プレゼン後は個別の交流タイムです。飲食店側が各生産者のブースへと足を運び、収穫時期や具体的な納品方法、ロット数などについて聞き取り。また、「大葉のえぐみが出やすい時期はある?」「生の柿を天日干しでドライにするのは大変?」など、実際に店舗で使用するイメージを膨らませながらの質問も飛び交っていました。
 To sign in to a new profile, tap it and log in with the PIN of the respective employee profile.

--

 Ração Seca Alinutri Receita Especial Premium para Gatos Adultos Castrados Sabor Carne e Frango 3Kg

**Work task**
Take the stretch of lines above from the one containing "プレゼン後は個別の交流タイム" through the one containing "To sign in to" and repeat it exactly, adding no other line.

**Response to the exercise**
プレゼン後は個別の交流タイムです。飲食店側が各生産者のブースへと足を運び、収穫時期や具体的な納品方法、ロット数などについて聞き取り。また、「大葉のえぐみが出やすい時期はある?」「生の柿を天日干しでドライにするのは大変?」など、実際に店舗で使用するイメージを膨らませながらの質問も飛び交っていました。
 To sign in to a new profile, tap it and log in with the PIN of the respective employee profile.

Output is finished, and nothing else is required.